Items from a data source:
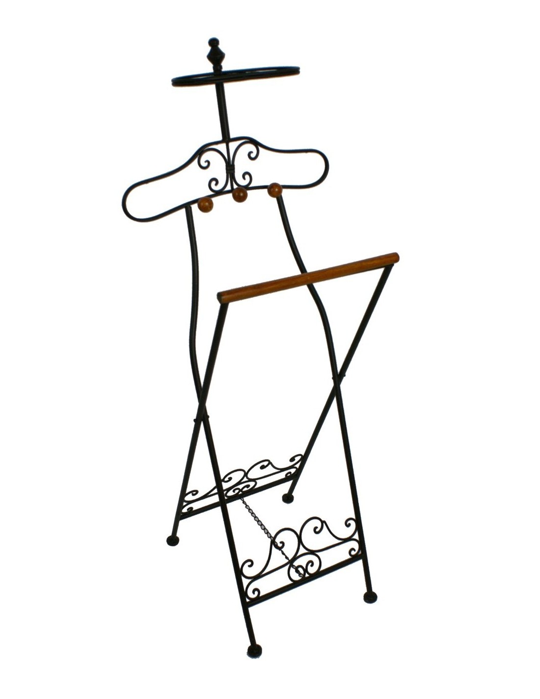 Perchero galán de noche plegable metálico y madera maciza y bandeja para joyas decoración vintage hogar. Medidas: 120X45X45 cm.
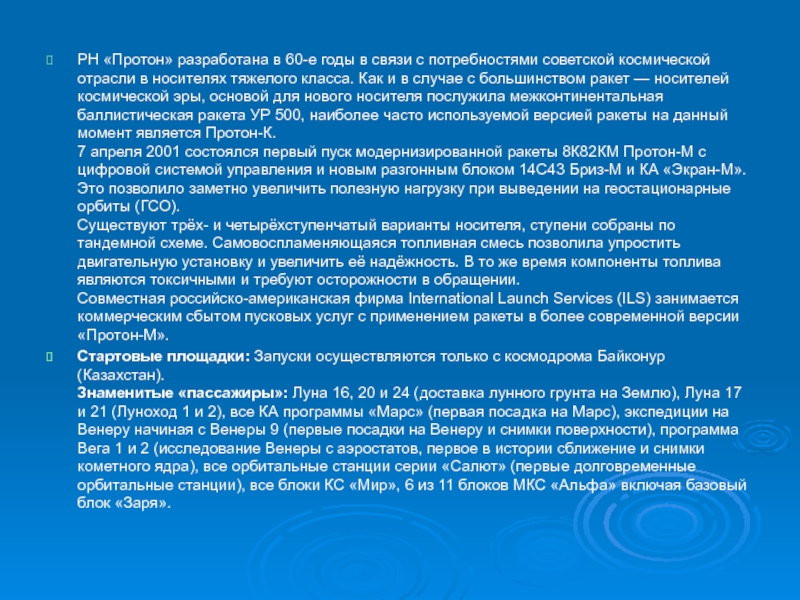 Слайд 17РН «Протон» разработана в 60-е годы в связи с потребностями
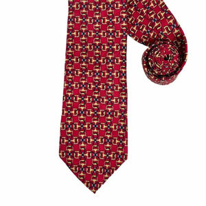 Cromley & Finch Necktie Men's Handmade Red Yellow Chain Pattern All Silk London
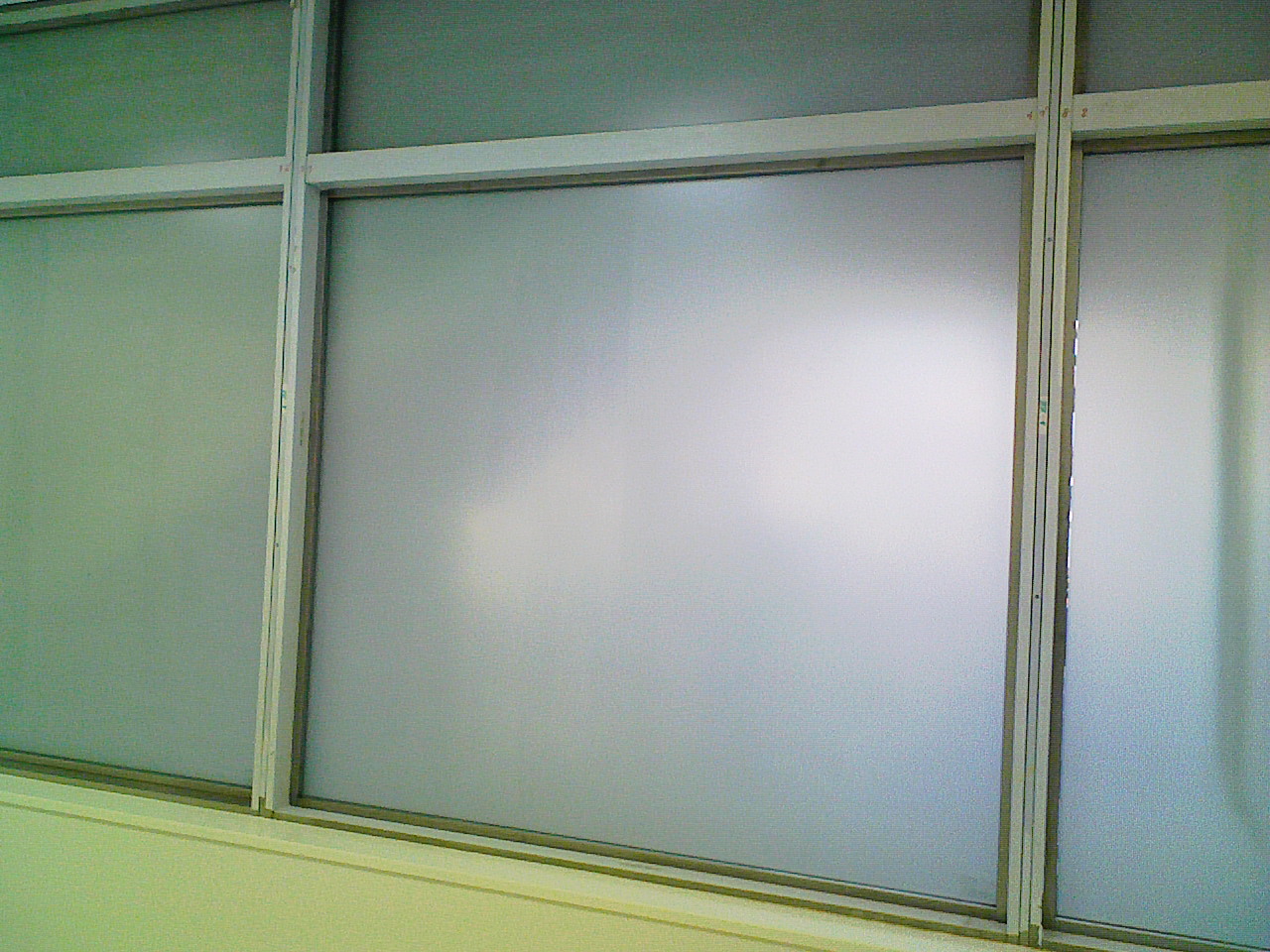 目隠し装飾用のガラスフィルム【ミルキーホワイト】施工
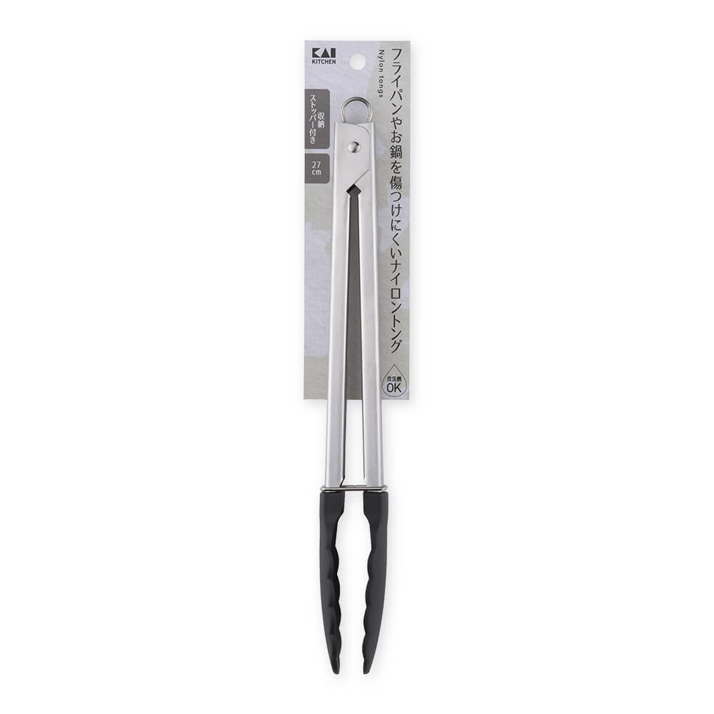 広がらずに収納できる、ストッパー付のナイロン製トング[27cm]です。盛り付けやフライパン調理に便利。
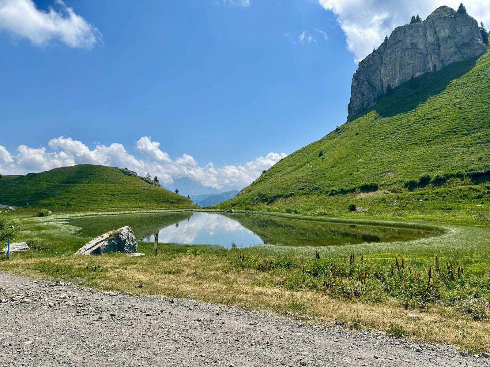Le 6 juillet, notre petite équipe s’est remise en route pour une nouvelle aventure. Nous avons quitté la cabane pour rejoindre le col des Mosses. Nous quittons rapidement le col de la Pierre du Moëllé pour prendre un bout de l’itinéraire 1 jusqu’au croisement du 982, Les Mosses Bike.
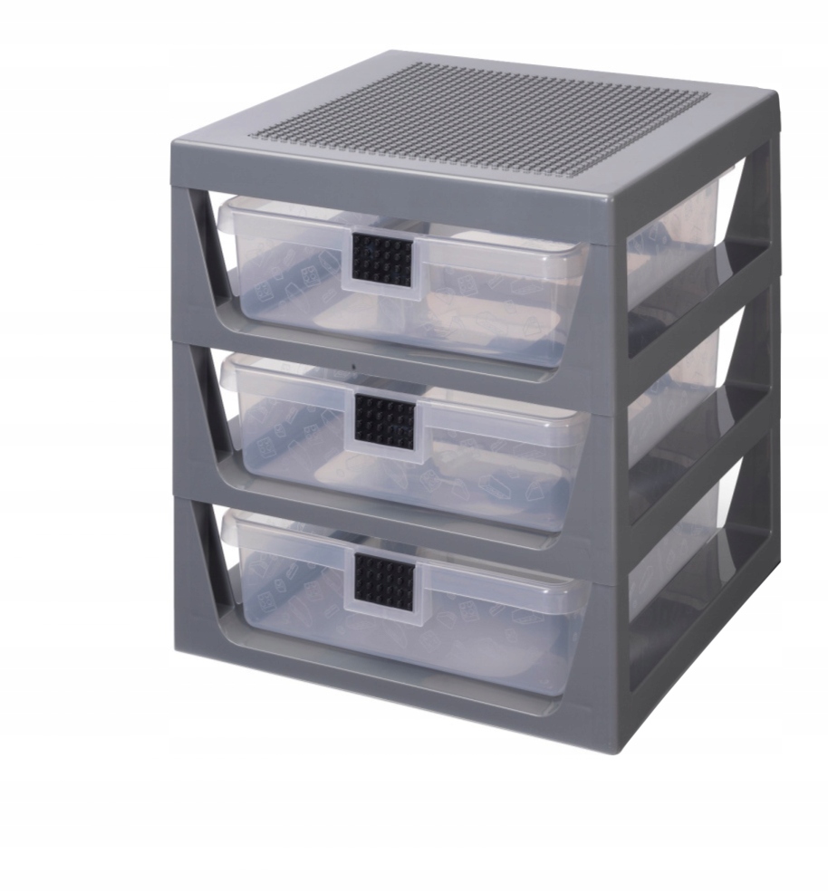 - На полке есть 3 полупрозрачных ящика, наверху которых установлена пластина LEGO®.
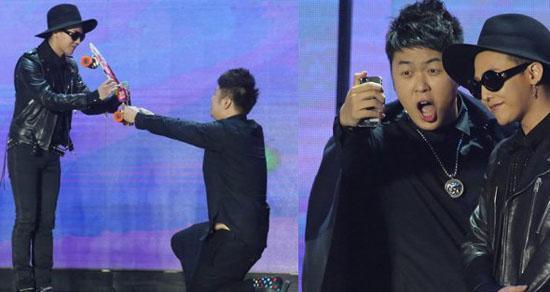 就是这样一个爱染发的“非主流”boy却是Angelababy见了都会娇羞的男神,权志龙以神秘嘉宾的身分亮相跑男,出现了下面一幕,Angelababy激动蹲地(此时,仍能感觉到小明哥受到的一千点伤害)。
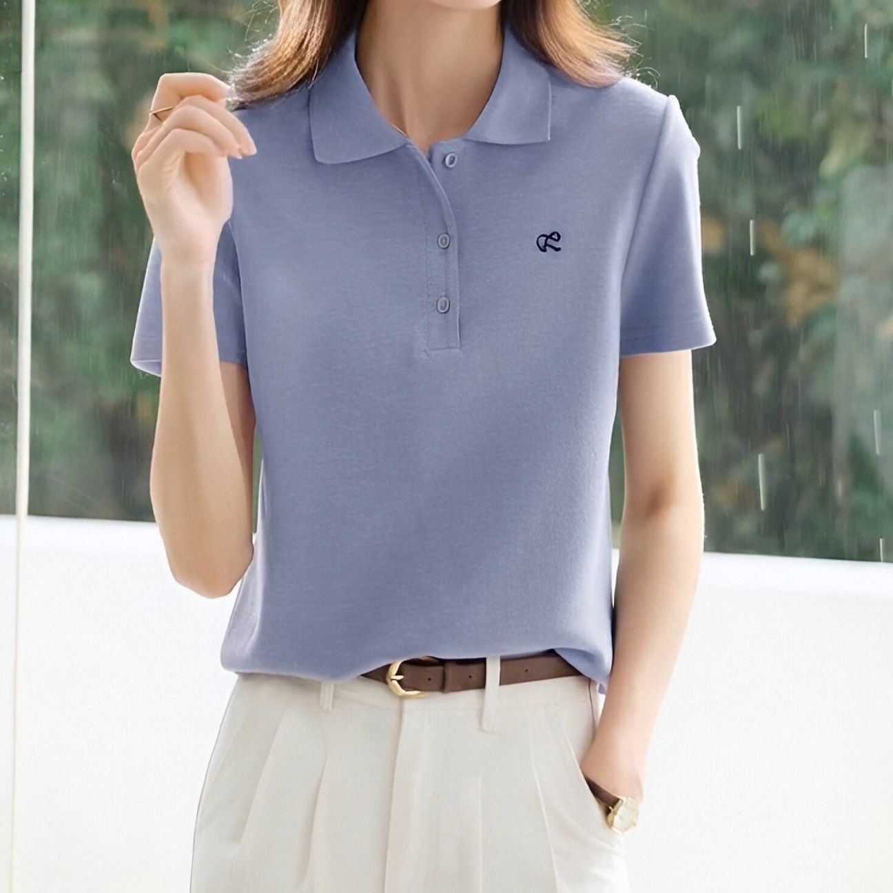 襟付きのクラシックなポロシャツスタイルで品のある大人っぽい仕上がり

**Exercise requirements**.
Repeat every record precisely. Any picture among them stays out of the copy.

**Answer to the problem**.
 Perchero galán de noche plegable metálico y madera maciza y bandeja para joyas decoración vintage hogar. Medidas: 120X45X45 cm.
 Слайд 17РН «Протон» разработана в 60-е годы в связи с потребностями
 Cromley & Finch Necktie Men's Handmade Red Yellow Chain Pattern All Silk London
 目隠し装飾用のガラスフィルム【ミルキーホワイト】施工
 広がらずに収納できる、ストッパー付のナイロン製トング[27cm]です。盛り付けやフライパン調理に便利。
Le 6 juillet, notre petite équipe s’est remise en route pour une nouvelle aventure. Nous avons quitté la cabane pour rejoindre le col des Mosses. Nous quittons rapidement le col de la Pierre du Moëllé pour prendre un bout de l’itinéraire 1 jusqu’au croisement du 982, Les Mosses Bike.
 - На полке есть 3 полупрозрачных ящика, наверху которых установлена пластина LEGO®.
 就是这样一个爱染发的“非主流”boy却是Angelababy见了都会娇羞的男神,权志龙以神秘嘉宾的身分亮相跑男,出现了下面一幕,Angelababy激动蹲地(此时,仍能感觉到小明哥受到的一千点伤害)。
 襟付きのクラシックなポロシャツスタイルで品のある大人っぽい仕上がり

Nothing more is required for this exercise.